The conversation, if we can call it that, of today’s America, appears to be scrapping the bottom of the barrel of communication. Instead of self-restraining exchanges in politics, religion and social gatherings, there seems to be a spirit of one-up-man-ship. Calling each other names. Splitting hairs over inconsequential matters. Seeing the worst in anyone’s words or views (not our own), now rules the day.
In 1968, when the war in Vietnam was heating up, in the paddy fields there and the main streets here, the rhetoric could not be heard for its volume. Lots of heat but little light. Add to that the emerging civil rights movement led by Dr. Martin Luther King, Jr.
President Lyndon Baines Johnson wanted out. His announcement said it all: “I shall not seek, and I will not accept the nomination of my party for another term as your president.”
Mike Royko wrote a column that year which is as up-to-date as if it were written this morning. Here is an excerpt of that column from Richard Ciccone’s book “Royko.” Ciccone is a veteran Chicago newsman. Three paragraphs of a Royko column still timely after 43 years is re-printed in Ciccone’s book:
“Unrestrained hate has become the dominant emotion in this splintered country. Races hate, age groups hate, political extremists hate. And when they aren’t hating each other, they have been turning it on LBJ. He more than anyone else has felt it . . .
“Maybe he wasn’t the best President we might have had.
“But we sure as hell aren’t the best people a President has ever had.”
Royko found universal truths in the lives of the people of his Chicago. He took up their causes with a spicy, sarcastic, sardonic but always with his own wit and humor. For those who missed out on his five columns a week for more than 30 years, many are reprinted in book form, such as “Early Royko: Up Against it in Chicago,” “For the Love of Mike: More of The Best of Mike Royko” and “One More Time: The Best of Royko.”

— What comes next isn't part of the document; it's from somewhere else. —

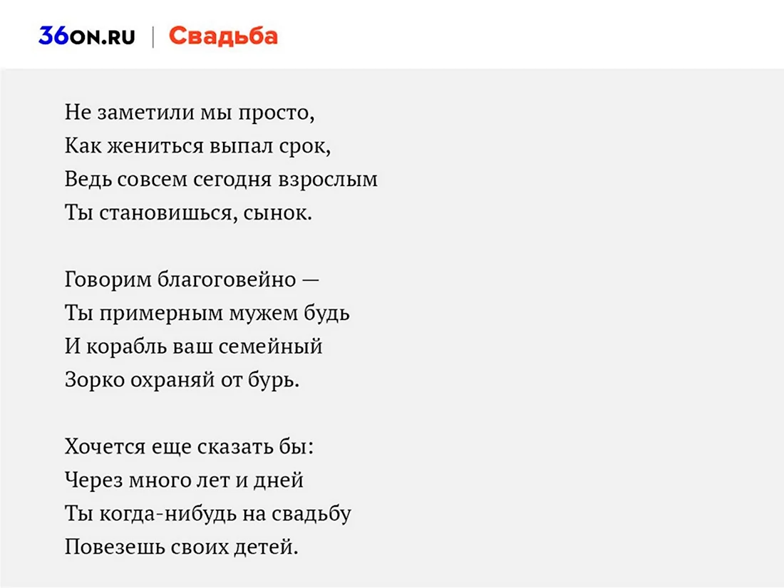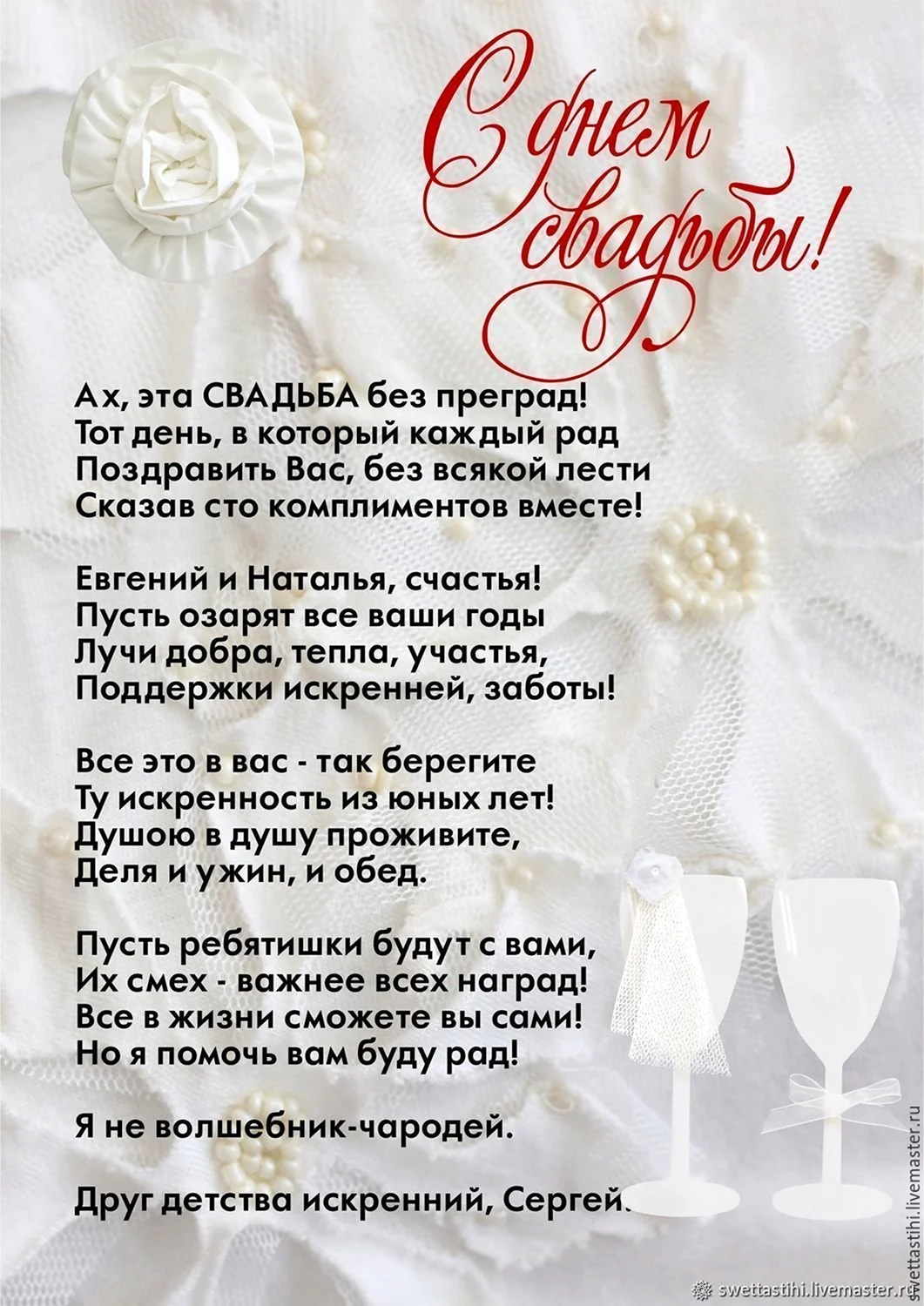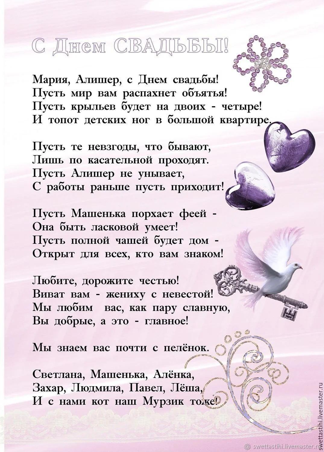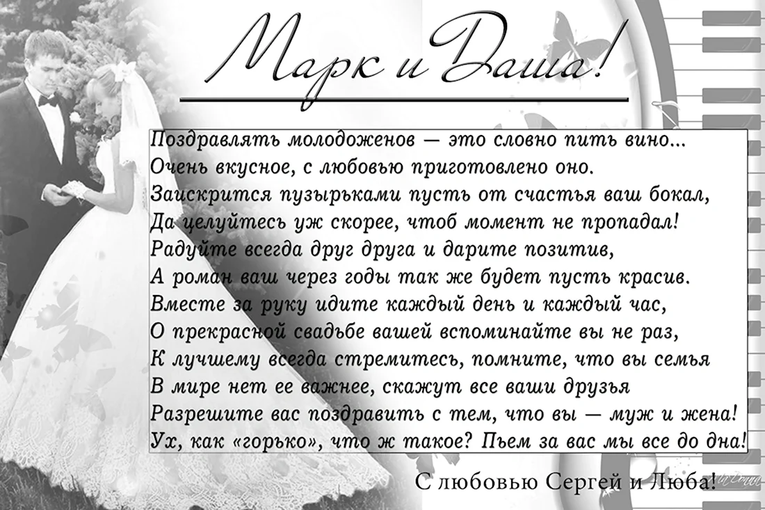 Поздравительные стихи молодоженов на свадьбе от бабушки и Деда.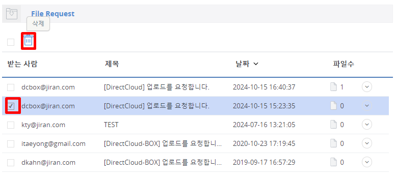 업로드 요청 내역 메뉴에서 삭제하려는 업로드 요청 내역을 체크한 뒤 휴지통 아이콘을 클릭합니다.

“His columns could make a person laugh or cry, sympathize or agonize, but they were always a joy to read” – Polish American Journal.
Some of Royko’s quotes that will live forever:
“Hating the Yankees is as American as pizza pie, unwed mothers, and cheating on your income tax.”
“I never went to a John Wayne movie to find a philosophy to live by or to absorb a profound message. I went for the simple pleasure of spending a couple of hours seeing the bad guys lose.”
“It's been my policy to view the Internet not as an 'information highway,' but as an electronic asylum filled with babbling loonies.”
And now, 14 years after his death the ‘electronic asylum’ is filled with his babbling --- only of a much better quality – the quality of a saint who knew his way around.